Ирина Бирна (одесситка, проживающая в Германии, но после начала войны приехавшая в родной город) опубликовала на своём сайте серию статей под общим подзаголовком "Путевые заметки военного времени". В одной из них, написанной в мае-июле,
"Вид на Одессу и обратно" коснулась вопроса дерусификации украинской топонимики вообще, и от элементов российского искусства в частности. Полностью текст как всегда по ссылке, а здесь отрывок, касающийся русской литературы.∗ ∗ ∗Московитская классическая литература доставляла и продолжает доставлять зубную боль московитской интеллигенции. По одной простой причине: имперская политика превратила литературу - как и искусство вообще - в самый мощный инструмент поддержания имперских традиций подавления любых проявлений свободы. Именно средствами великой русской литературы вели и цари, и коммунисты политику ассимиляции, именно её - литературы - руками уничтожали национальные культуры народов, заключённых в гигантскую имперскую тюрьму. Вот, например, что пишет А. Etkind: "In the long run, Russian literature proved to be an extremely successful instrument of cultural hegemony. With its classics, heretics, and critics, it conquered more Russians, non-Russians, and Russians enemies than any other imperial endeavour. Standardizing the language, creating a common pool of meanings, and integrating its multiethnic readership on an enormous scale, this literature was a great asset. […] Thus, the Empire collapsed, but the literature outlived it"*. Здесь не за литературу. Здесь как раз за то, от чего решило избавиться украинское правительство - от воздействия на нас "чрезвычайно успешного инструмента культурной гегемонии". Почувствовали разницу? Не от литературы Украина избавляется дерусификацией. От инструмента гегемонии.

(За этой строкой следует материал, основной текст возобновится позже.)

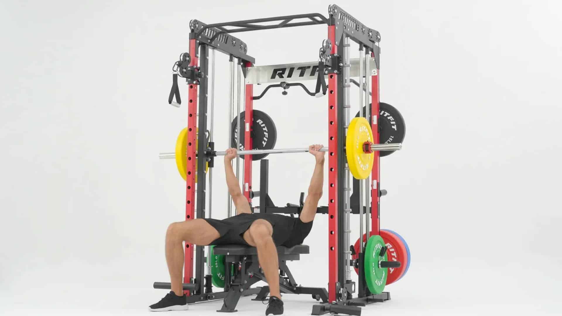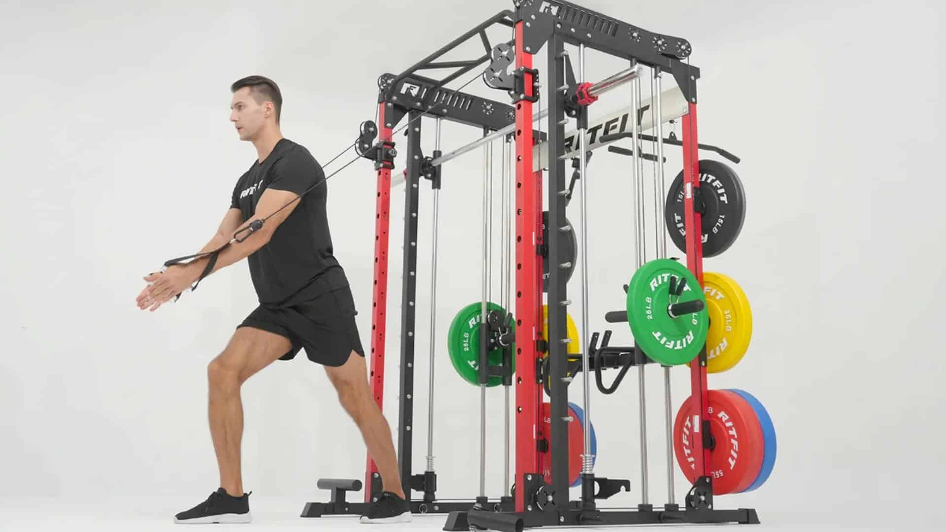 The RitFit M1 Pro is a multi-functional home gym powerhouse that combines a Smith machine, power rack, and cable crossover system into one sleek, space-efficient unit.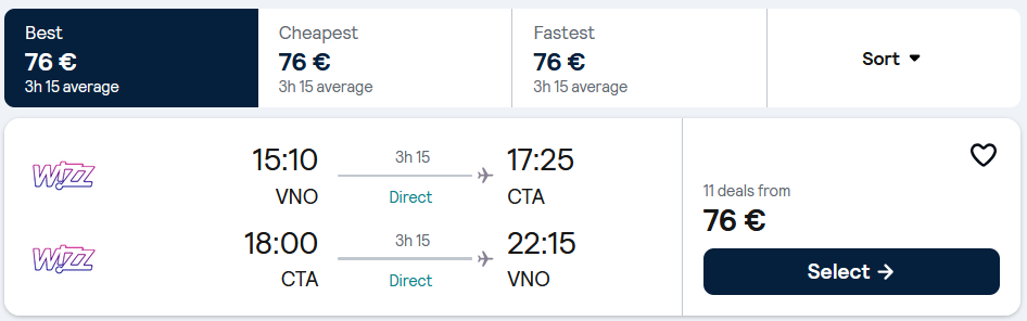 Pigūs skrydžiai į Kataniją, Siciliją tiesiogiai iš Vilniaus ir atgal su „Wizzair“ oro linijomis.

Мы так воспитаны. Вернее - выдрессированы. Мы - единственный народ в мире, который уверен, что литература чему-то учит, куда-то зовёт и чего-то там указывает. Что назначение писателя - глаголом жечь сердца людей. Что чтение "нужных книг" обеспечит воспитание порядочных людей, борцов за что-то там. Дрессура эта постоянно заводит нас в когнитивно-гуманистический тупик, выход из которого, предлагаемый той же самой литературой, расположен на входе - мы топчемся вот уже два столетия вокруг одного и того же столба, уверенные, что именно он и есть единственный и незаменимый источник света. Мы смотрим на мир через призму великой литературы, а видим всё какие-то свиные рыла вместо лиц: путина, лаврова, бурятских мамаш, мечтающих, чтобы их сыновья погибли в Украине, баталовых, кобзонов с терешковыми, более трёхсот тысяч мужиков, уже задействованных в бойне на украинских полях. И мы гоним от себя мысль, что ВСЕ - понимаете ли? - ВСЕ они выросли из этой литературы! Не понимаете или не хотите понять: нет среди них ни одного, кто в детстве не учил бы наизусть: "Татьяна, милая Татьяна, перед тобой я слезы лью […]", кто бы не знал за непротивление Толстого или за красоту, которая спасёт мир. И это знание нисколько не мешает им взять в руки калашников и устроить Бучу. Гостомель… Ирпень… Приказы насиловать украинских женщин и девочек, убивать прохожих и проезжих мирных жителей, бомбардировать клиники, монастыри и детские сады отдают офицеры - люди с высшим образованием. Начитанные. Культурные. Да что тут говорить! - вот вам пиотровский - самое культурное и начитанное, что сегодня может предложить миру московия - самим целыми Эрмитажем управляет! Чего ж вам боле?! А послушайте, что говорит, как массовые убийства и изнасилования оправдывает: "С одной стороны, война это кровь и убийство, а с другой - самоутверждение людей, самоутверждение нации. Каждый человек хочет самоутвердиться. И в своей позиции по отношению к войне несомненно самоутверждается. Ну и мы все воспитаны все-таки в имперской традиции […]". Видите, как все просто для носителя русской культуры, выпестованного Пушкинской речью, Пьером Безуховым и слезинкой ребёнка. И негативный отбор коммунистов здесь совершенно ни причём: меньшиковы, суворовы, паскевичи и прочая высшая знать московии, лучшие ее люди, творили зверства, ничем ни Буче, ни Мариуполю, ни Гостомелю не уступающие, а иные - воспевали эти зверства в стихах, прозе, музыке, на сценах и полотнах.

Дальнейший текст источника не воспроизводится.